The only other times I've seen similar CARP craziness was with some really broken switches.
Any way you can try another (perhaps different brand) switch on the WAN side as a test to see if the problem goes away?
-
I have switched from a netgear switch to a linksys switch. I have also changed around the interface IPs and CARP IP. We will see what this delivers.
-
Also could it be a problem with CARP not syncing right? I have changed the virtual IP's on firewall1 and they have yet to reflect on firewall2.
-
No, it wouldn't have much to do with a sync failure.

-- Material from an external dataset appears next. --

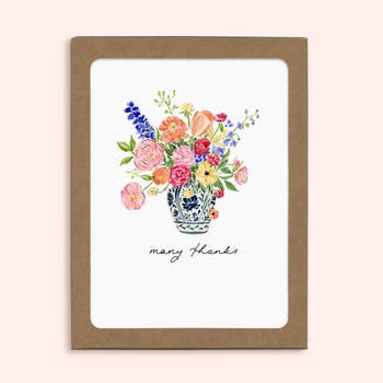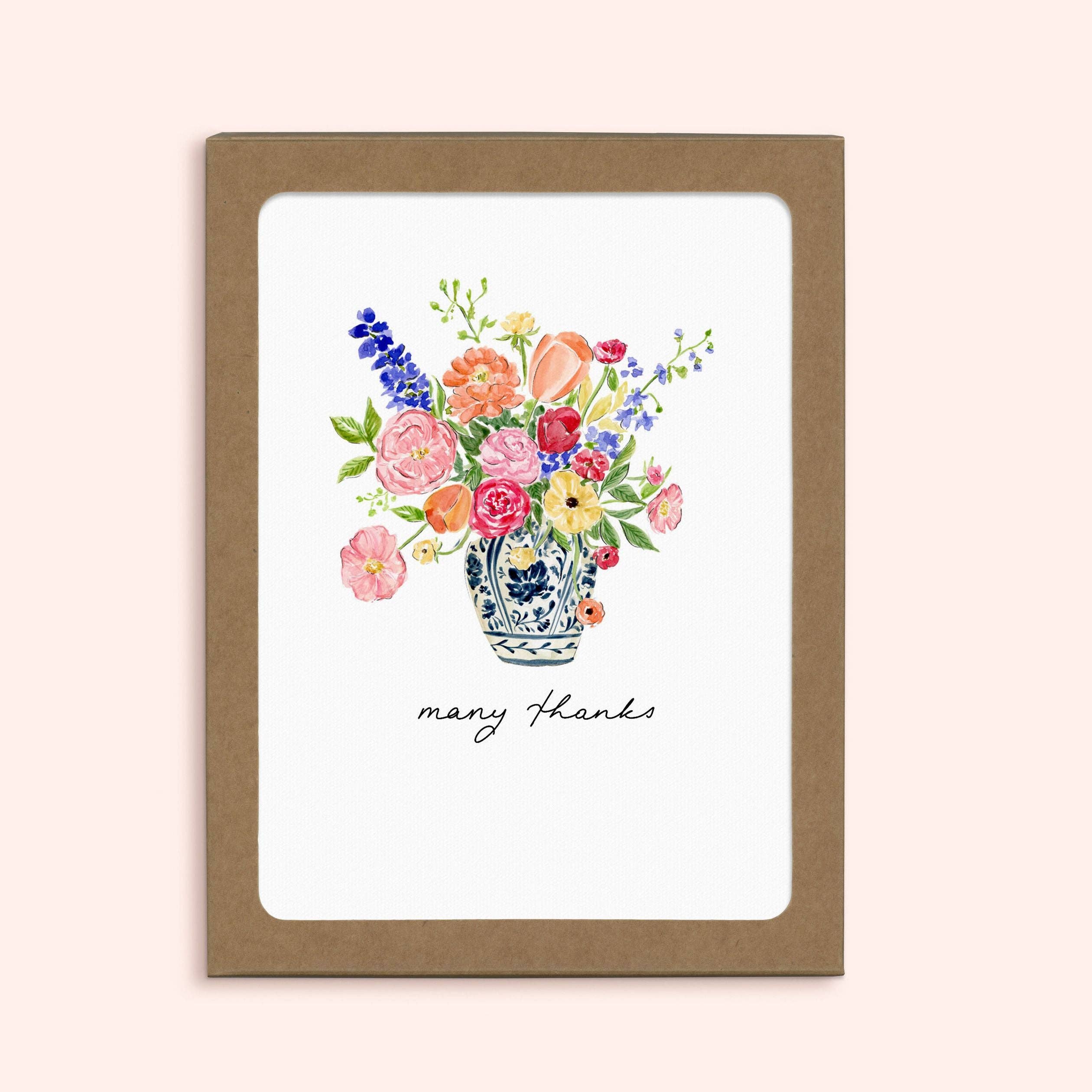 Hydrangea garden thank you card. "Thank you so much" Boxes of 8: packaged in an eco-friendly kraft branded box with open window. no plastic on the window. All cards are A2, 4.25 x 5.5 & blank inside. Printed in the U.S. on 100% recycled FSC paper. Envelopes are kraft, 100% recycled. Boxes of 8: kraft box with label. Hand illustrations by Cindy LaColla. @cynlastudio

CARP heartbeats happen on the interfaces where the VIPs reside, i.e. a CARP VIP on WAN sends its heartbeats on WAN.
XMLRPC sync happens over the sync interface, it only handles configuration.
pfsync only happens over the sync interface, it only synchronizes states (insertions, deletions, etc)So a problem with CARP on WAN is nearly always a problem with the switch or connectivity on WAN.